What you have to do
Wherever a picture sits, omit it. Output the rest of the listing exactly.

Source data
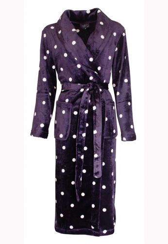 Bij unieke dames hoort een badjas in een unieke kleur! Deze donkerpaarse badjas met all-over stippenpatroon is gemaakt van 100 % fleece.
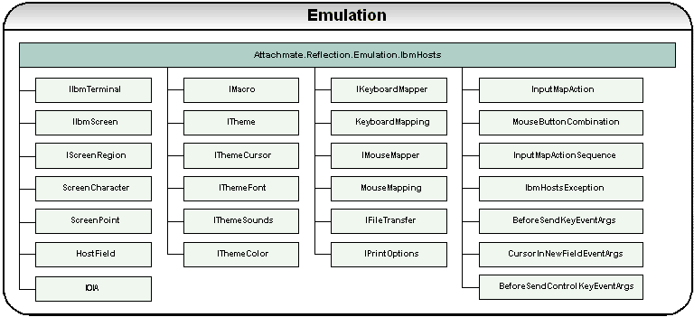 The Attachmate.Reflection.Emulation.IbmHosts namespace includes all of the objects required for working with IBM host terminal emulation. The IbmTerminal is the top-level object in this namespace and represents two types of IBM host emulations: 3270 Mainframe (System z) and 5250 AS/400 (Series i). Most functional areas of the IBM host terminal have a corresponding object that lets you work with that area, such as KeyboardMapper, FileTransfer, and Macro.
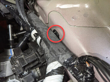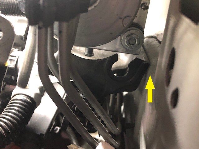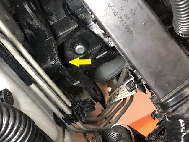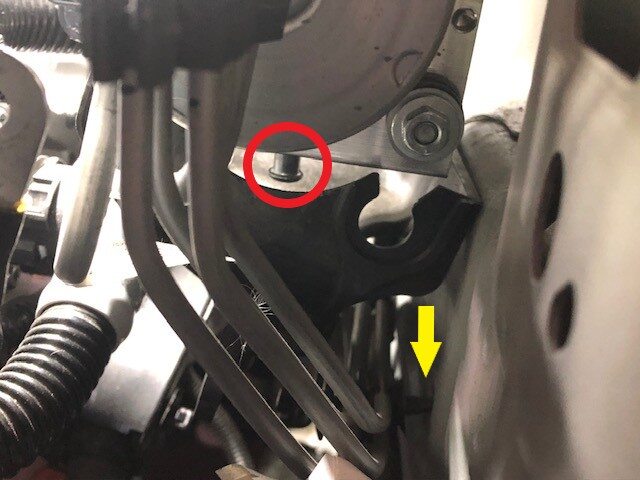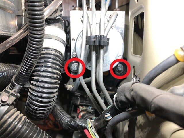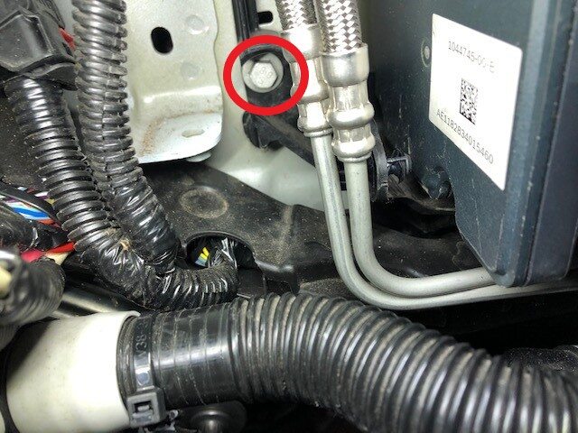 Remove upper bolt securing the hydraulic control unit bracket to frame rail
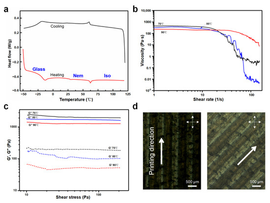 (a) DSC thermograms of the prepared LC ink. (b) Logarithmic curve of LC ink viscosity versus shear rate. (c) Storage modulus G′ and loss modulus G″ as a function of shear stress. (d) POM images of the printed sample when the printing direction is 0° and 45° to the polarizer.

Result for this exercise
 Bij unieke dames hoort een badjas in een unieke kleur! Deze donkerpaarse badjas met all-over stippenpatroon is gemaakt van 100 % fleece.
 The Attachmate.Reflection.Emulation.IbmHosts namespace includes all of the objects required for working with IBM host terminal emulation. The IbmTerminal is the top-level object in this namespace and represents two types of IBM host emulations: 3270 Mainframe (System z) and 5250 AS/400 (Series i). Most functional areas of the IBM host terminal have a corresponding object that lets you work with that area, such as KeyboardMapper, FileTransfer, and Macro.
 Remove upper bolt securing the hydraulic control unit bracket to frame rail
 (a) DSC thermograms of the prepared LC ink. (b) Logarithmic curve of LC ink viscosity versus shear rate. (c) Storage modulus G′ and loss modulus G″ as a function of shear stress. (d) POM images of the printed sample when the printing direction is 0° and 45° to the polarizer.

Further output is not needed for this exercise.